I, personally would like to ignore the small device space as "running
Jini" and focus on them doing things like surrogate if they need to
supply code into the environment, or just simple app protocols with
smart proxies or other similar solutions that don't keep newer VM
features from being present in the codebase.
Gregg Wonderly
On Mar 27, 2009, at 8:04 AM, Sean Landis wrote:
+1
If a device is too small to use post 1.4 features, go the surrogate
route.
Sean
On Fri, Mar 27, 2009 at 6:41 AM, Jonathan Costers <
jonathan.cost...@googlemail.com> wrote:
I agree with Dennis and Jim. We should be looking foward, not
backwards.
To add to Jim's point, I believe there are probably more urgent
things to
do
than upgrade the complete River distribution to be using post-1.4
features.
Then again, when introducing new things, we should not limit
ourselves to
1.4.
Best
Jonathan
2009/3/27 Jim Waldo <jim.wa...@sun.com>
I have to agree with Dennis. Most of us are now using 1.6; 1.7 is
underway.
I don't think the small device space should be much of an issue;
most of
those devices won't support a full Jini function anyway, since
they lack
class loading (that's why we did the surrogate architecture).

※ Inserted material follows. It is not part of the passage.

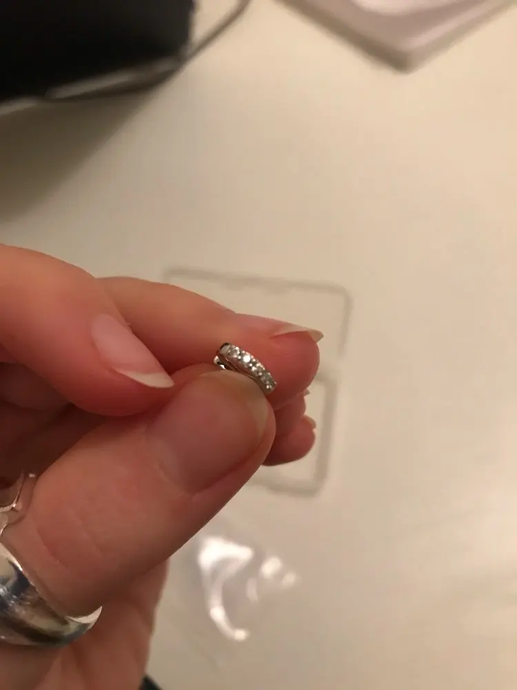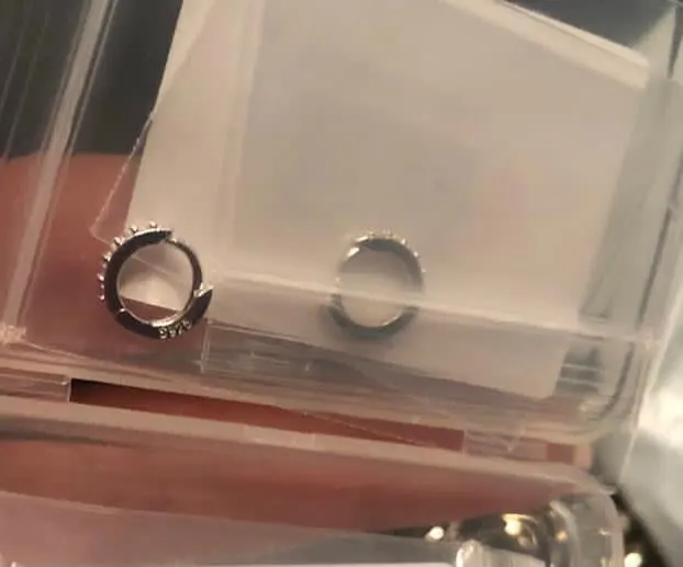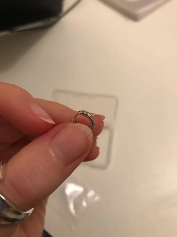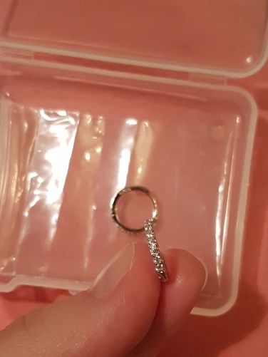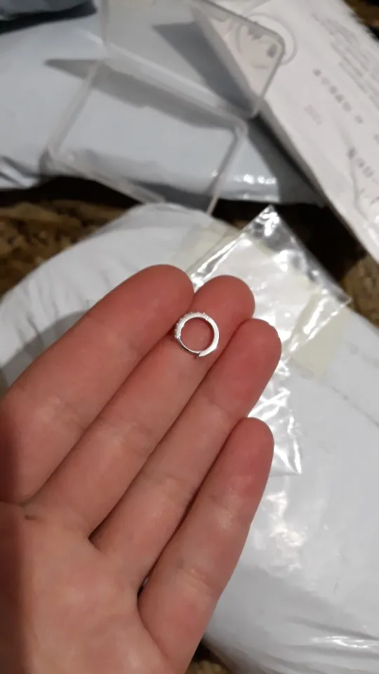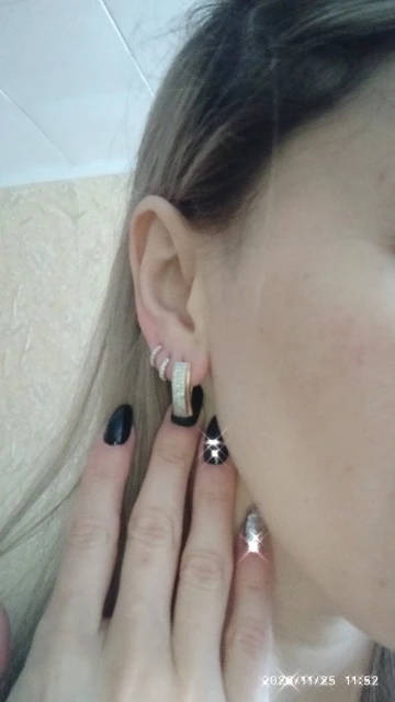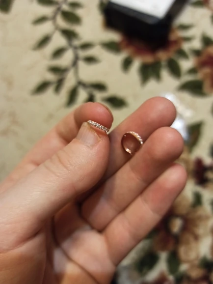 Очень красивые колечки. Благородный приятный цвет, сверкающие камушки, аккуратная лента. Застёжка слабоват, но пока не слетели. Жаль не угадала с размером, на хрящ оказалась маловата. Получится носить лишь на выход. Планирую заказать размер побольше. Продавец быстро отправил.

Going back and upgrading to post-1.4 features throughout can
probably
wait.
But that is no reason not to use them when they make sense in new
code.
Jim Waldo
On Mar 27, 2009, at 7:45 AM, Dennis Reedy wrote:
On Mar 27, 2009, at 720AM, Patrick Wright wrote:
Just because the current River codebase is limited to 1.4 doesnt
mean
new
work should be constrained to that right?

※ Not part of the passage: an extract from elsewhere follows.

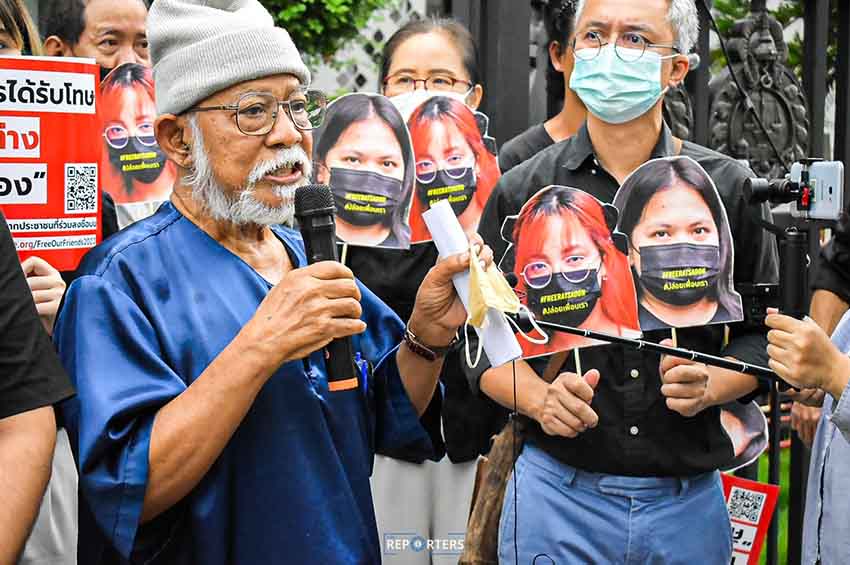 นายสุชาติ เป็นตัวแทนอ่านจดหมายเปิดผนึกถึงประธานศาลฎีกา ใจความว่า ตามที่บุ้ง และใบปอ สองนักกิจกรรมจากกลุ่มทะลุวัง ได้ทำโพลสำรวจความเห็น “ขบวนเสด็จสร้างความเดือดร้อนหรือไม่ ?” เป็นเหตุให้บุ้งและใบปอถูกกล่าวหาว่ากระทำผิดตามประมวลกฎหมายอาญามาตรา 112 และถูกคุมขังอยู่ที่ทัณฑสถานหญิงกลาง ตั้งแต่วันที่ 3 พ.ค.65 โดยทั้งสองได้แสดงจุดยืนต่อศาลที่มีคำสั่งไม่ให้สิทธิประกันตัว ด้วยการอดอาหารมาแล้ว 61 วัน และถูกคุมขังมาแล้ว 91 วัน จนร่างกายเผชิญภาวะวิกฤต

I think one has to be careful with compatibility across small-
device
VMs, which, AFAIK, in some cases are 1.4 compatible (cf. JavaME).
Well, and IMHO, keeping the core of River based on a technology
that is
in
it's EOL transition period (http://java.sun.com/j2se/1.4.2/) for
the
sake
of *possible* use for small device deployments may not be ideal.